## [WHAT IS REQUIRED]
Everything from the line that contains "Bufetă pentru living" to the final line of the data, both ends included, must be set down exactly, apart from the pictures.

## [DATA EXCERPT]

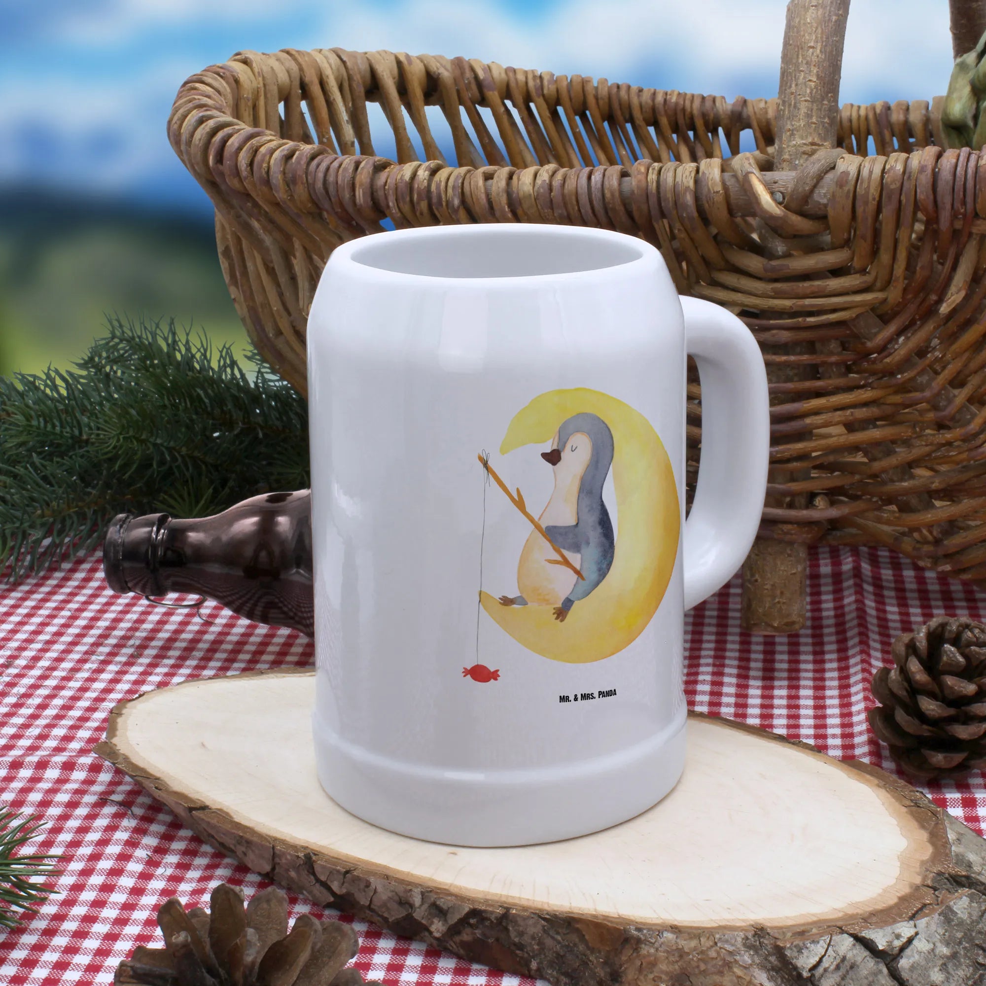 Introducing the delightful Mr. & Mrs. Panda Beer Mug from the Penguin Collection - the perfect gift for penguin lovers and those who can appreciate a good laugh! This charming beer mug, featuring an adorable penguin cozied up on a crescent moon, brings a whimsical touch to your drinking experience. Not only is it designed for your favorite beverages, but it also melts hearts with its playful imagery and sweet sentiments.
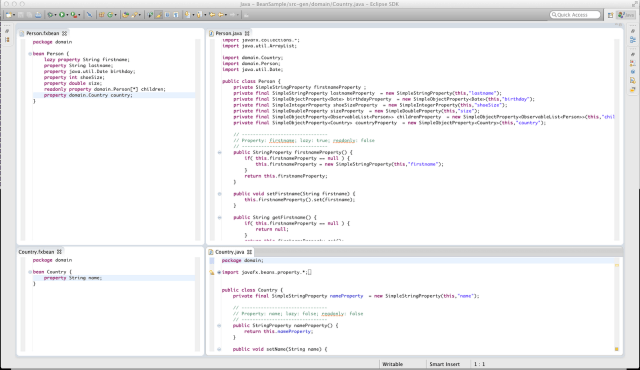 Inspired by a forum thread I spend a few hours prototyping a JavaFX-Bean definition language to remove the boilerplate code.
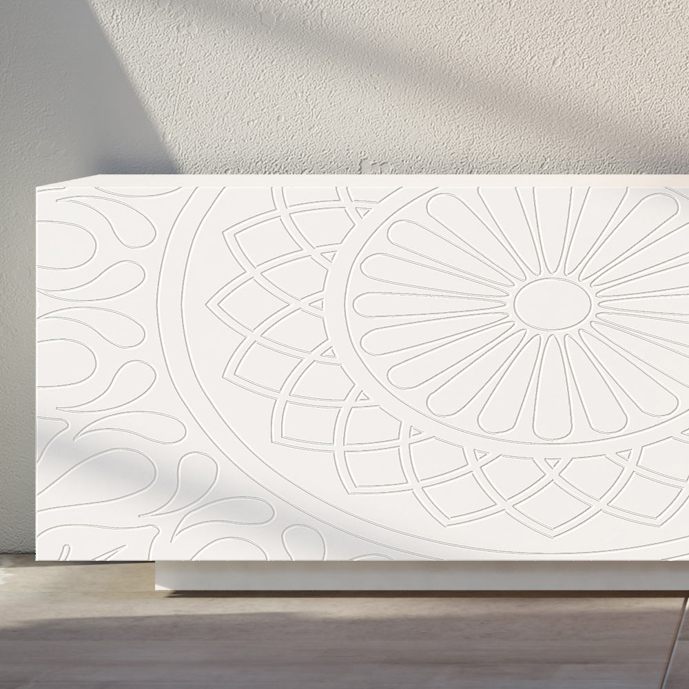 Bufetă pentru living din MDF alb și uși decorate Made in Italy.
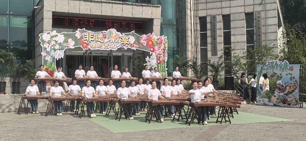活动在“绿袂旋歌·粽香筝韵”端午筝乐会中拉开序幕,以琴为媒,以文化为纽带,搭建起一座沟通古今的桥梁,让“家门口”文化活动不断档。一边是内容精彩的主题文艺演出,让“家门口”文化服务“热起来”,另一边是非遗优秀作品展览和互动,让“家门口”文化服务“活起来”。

## [RESPONSE]
 Bufetă pentru living din MDF alb și uși decorate Made in Italy.
活动在“绿袂旋歌·粽香筝韵”端午筝乐会中拉开序幕,以琴为媒,以文化为纽带,搭建起一座沟通古今的桥梁,让“家门口”文化活动不断档。一边是内容精彩的主题文艺演出,让“家门口”文化服务“热起来”,另一边是非遗优秀作品展览和互动,让“家门口”文化服务“活起来”。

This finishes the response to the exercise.